Historical sites are special places where by the past remains of plants and animals are found. OR Are the places which have remains of the past physical development of man are found.

MATERIALS FOUND IN THE HISTORICAL SITES
  • Tools used in long time-ago such as arrows, axes and hoes.
  • Animal and human bones and skulls
  • Drawings and paints on rocks
  • Building, ruins, towers, caves and forests

1. IN TANZANIA. Example of historical sites includes:

  • Isimila ( Stone Age site containing stone tools used by man)
  • Olduvai George(the home of the first man)
  • Kondoa Irangi (rock painting on caves)
  • Bagamoyo ( Kaole ruins)
  • Kilwa kisiwani (Arab building)
  • Engaruka basin in Arusha.
  • Zanzibar(Stone town) etc

2. IN UGANDA. Nsongezi, Biggo, Ntubi, Rusinga Island, Magosi and Ishago

3IN KENYA. Lake Rudolf (Turkana), Lake Naivasha, Njoro, Olorgesailie, Lake Magadi, Lamu, Gamble’s caves Mombasa and Mt. Kenya.

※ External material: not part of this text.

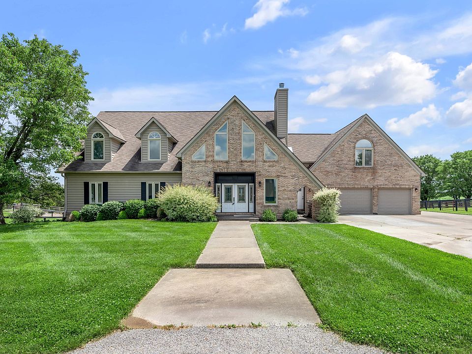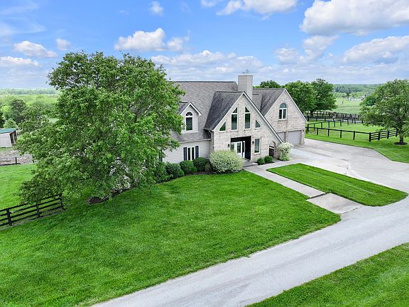 This is the ideal sport horse farm in move-in condition. The farm sports 26 stalls in 3 barns(1 barn with tack room and indoor wash stall has been recently completely redone), a 72' x 150' indoor arena, with all new footing, equipment barn, large workshop, barn apartment, 11 paddocks with automatic waterers, a tree-lined paved driveway, and plenty of parking for horse trailers and such. The wonderful 2-story home features a first and 2nd-floor owner's suite, 2 story great room, a gourmet kitchen, a second kitchen and living area in the walk-out basement (Could be a Mother-n-Laws suite), a wrap-around deck overlooking the pastures and your grazing horses. #-car attached garage. Only 11 miles to the Horse Park, 6 miles to Georgetown, and 16 miles to Lexington.

FUNCTIONS OF HISTORICAL SITES

1. To preserve historical information for the coming generations.

2. They serve as storehouses of culture, because they contain a variety of information.

3. They are the symbols of social cultural heritage to the society concern past human tools, rock, and paints

4. Some historical building retain their original function example old mosques and churches

ADVANTAGES OF HISTORICAL SITES

1. They help for practical historical learning e.g. through observation of past human tools, rock, paints.

2. They used to reveal past settlement patterns, levels of technology, economic development of political organization reached by the past societies.

3. They act as centers of tourism.

4. They act as the resource centers to researchers.

5. They provide employment opportunities e. g. guiders

6. They compliment other sources of historical information.

DISADVANTAGES OF HISTORICAL SITES

1. They bring confusion to interpret the remains found in historical sites

2. Many of historical sites are found on remote areas hence difficult for many people to visit them.

3. It is costly to travel to the historical sites.

4. Some sites are very old and need to be treated with great care.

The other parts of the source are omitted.